Problem:
Without including pictures, set down every record exactly as it stands.

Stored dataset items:
******

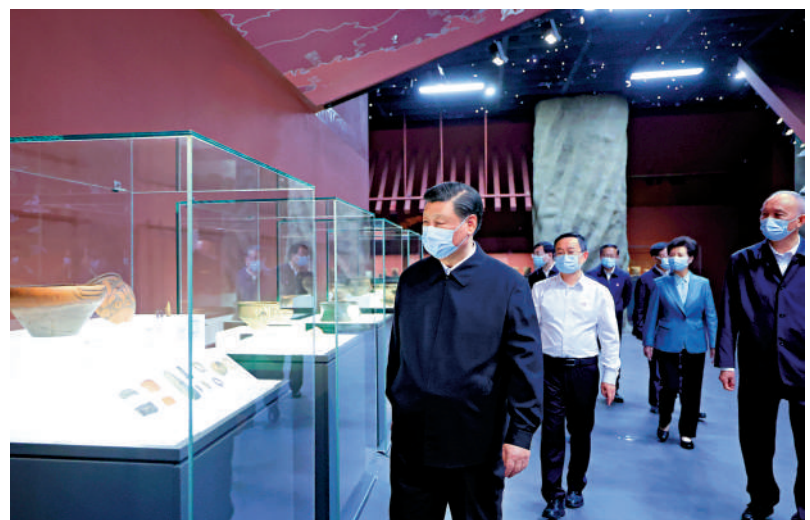
6月2日，習近平在北京出席文化傳承發展座談會並發表重要講話。這是座談會前，習近平2日下午在中國歷史研究院考察。

●從根本上決定了中國始終是世界和平的建設者、全球發展的貢獻者、國際秩序的維護者，決定了中國不斷追求文明交流互鑒而不搞文化霸權，決定了中國不會把自己的價值觀念與政治體制強加於人，決定了中國堅持合作、不搞對抗，決不搞「黨同伐異」的小圈子。
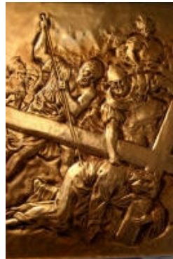
VII° Gesù Cristo cade sotto la croce
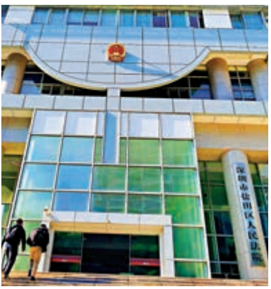
▲深圳市鹽田區人民法院對12名港人進行公開宣判
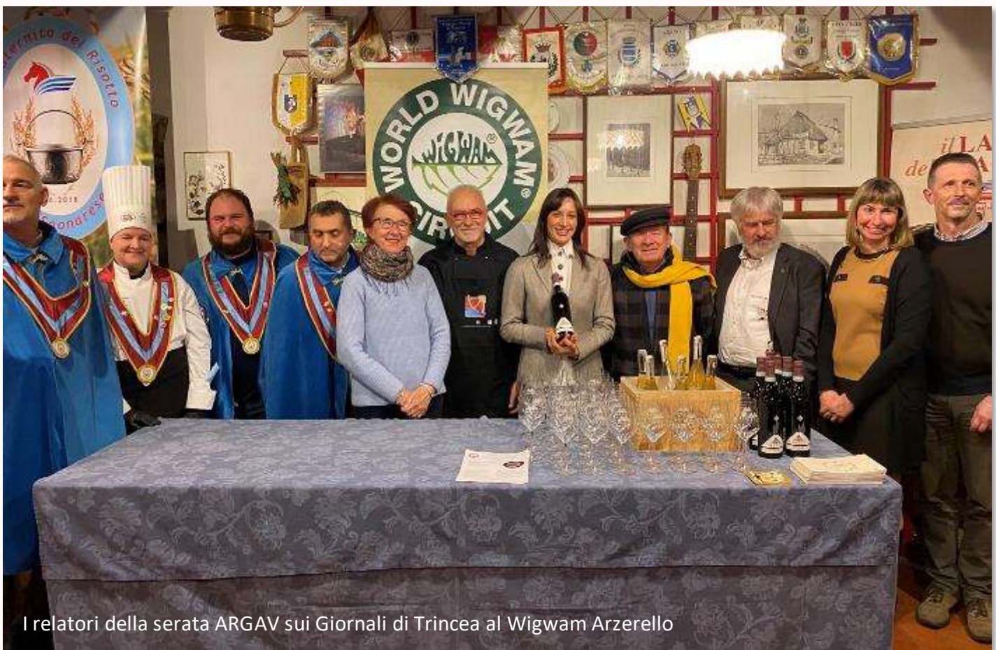
I relatori della serata ARGAV sui Giornali di Trincea al Wigwam Arzerello

Come di consueto, il “buon convivio” degli assaggi di cibi e di vini è stato preparato dalle esperienze presenti col supporto dello staff del Circolo di Campagna Wigwam ospitante ■

******

Solution to the problem:
6月2日，習近平在北京出席文化傳承發展座談會並發表重要講話。這是座談會前，習近平2日下午在中國歷史研究院考察。

●從根本上決定了中國始終是世界和平的建設者、全球發展的貢獻者、國際秩序的維護者，決定了中國不斷追求文明交流互鑒而不搞文化霸權，決定了中國不會把自己的價值觀念與政治體制強加於人，決定了中國堅持合作、不搞對抗，決不搞「黨同伐異」的小圈子。
VII° Gesù Cristo cade sotto la croce
▲深圳市鹽田區人民法院對12名港人進行公開宣判
I relatori della serata ARGAV sui Giornali di Trincea al Wigwam Arzerello

Come di consueto, il “buon convivio” degli assaggi di cibi e di vini è stato preparato dalle esperienze presenti col supporto dello staff del Circolo di Campagna Wigwam ospitante ■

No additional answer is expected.